Esto se escribió con exultación, en 1584, todavía en la luz del Renacimiento; setenta años después, no quedaba un reflejo de ese fervor y los hombres se sintieron perdidos en el tiempo y en el espacio. En el tiempo, porque si el futuro y el pasado son infinitos, no habrá realmente un cuándo; en el espacio, porque si todo ser equidista de lo infinito y de lo infinitesimal, tampoco habrá un dónde. Nadie está en algún día, en algún lugar; nadie sabe el tamaño de su cara. En el Renacimiento, la humanidad creyó haber alcanzado la edad viril, y así lo declaró por boca de Bruno, de Campanilla y de Bacon.

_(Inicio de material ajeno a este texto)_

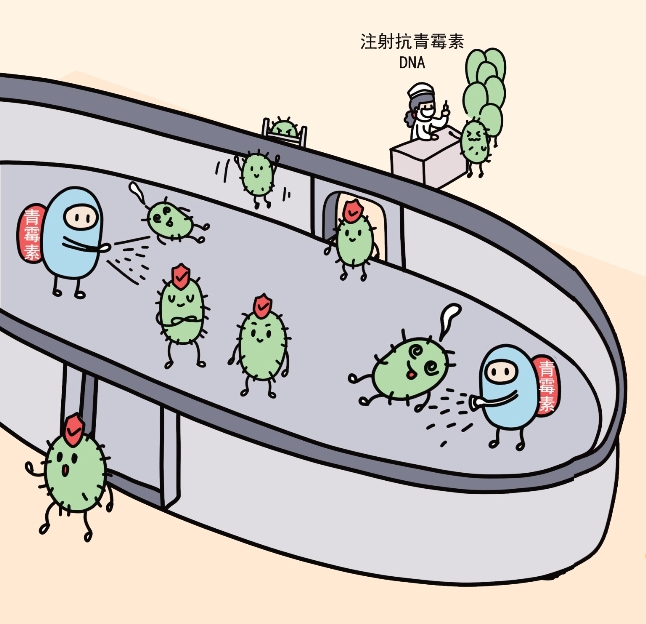 首先,利用和选择培养基。转化用的受体大多为细胞群体,它们在人工条件下生存和繁殖的营养物质称为培养基。我们可根据转化用的DNA所携带的标记,选择不同的培养基。例如,我们把抗青霉素的DNA引入不抗青霉素的大肠杆菌(受体细胞群体)中,在这个群体中一个细菌就是一个细胞。其中一些大肠杆菌接受了抗性标记的DNA,就产生了对青霉素的抗药性,它们就是我们寻找的转化体。为筛选出这些转化体,便可采用含有青霉素的培养基。把转化处理后的细菌群体加在培养基中培养,真正的转化体由于有了抗药性而能够生长繁殖,其余的大肠杆菌则被抑制或杀死。挑出生长的大肠杆菌,即得到了转化体。

En el siglo XVI la acobardó una sensación de vejez; para justificarse, exhumó la creencia de una lenta y fatal degeneración de todas las criaturas, por obra del pecado de Adán. (En el quinto capítulo del Génesis consta que “todos los días de Matusalén fueron novecientos setenta y nueve años”; en el sexto, que “había gigantes en la tierra en aquellos días”). El primer aniversario de la elegía Anatomy of the World, de John Donne, lamentó la vida brevísima y la estatura mínima de los hombres contemporáneos, que son como las hadas y los pigmeos; Milton, según la biografía de Johnson, temió que ya fuera imposible en la tierra el género épico; Glanvíll juzgó que Adán, “medalla de Dios”, gozó de una visión telescópica y microscópica; Robert South famosamente escribió: “Un Aristóteles no fue sino los escombros de Adán, y Atenas, los rudimentos del Paraíso”. En aquel siglo desanimado, el espacio absoluto que inspiró los hexámetros de Lucrecio, el espacio absoluto que había sido una liberación para Bruno, fue un laberinto y un abismo para Pascal. Éste aborrecía el universo y hubiera querido adorar a Dios, pero Dios, para él, era menos real que el aborrecido universo. Deploró que no hablara el firmamento, comparó nuestra vida con la de náufragos en una isla desierta. Sintió el peso incesante del mundo físico, sintió vértigo, miedo y soledad, y los puso en otras palabras: “La naturaleza es una esfera infinita, cuyo centro está en todas partes y la circunferencia en ninguna”. Así publica Brunschvicg el texto, pero la edición crítica de Tourneur (París, 1941), que reproduce las tachaduras y vacilaciones del manuscrito, revela que Pascal empezó a escribir effroyable: “Una esfera espantosa, cuyo centro está en todas partes y la circunferencia en ninguna”.
Quizá la historia universal es la historia de la diversa entonación de algunas metáforas.
Buenos Aires, 1951.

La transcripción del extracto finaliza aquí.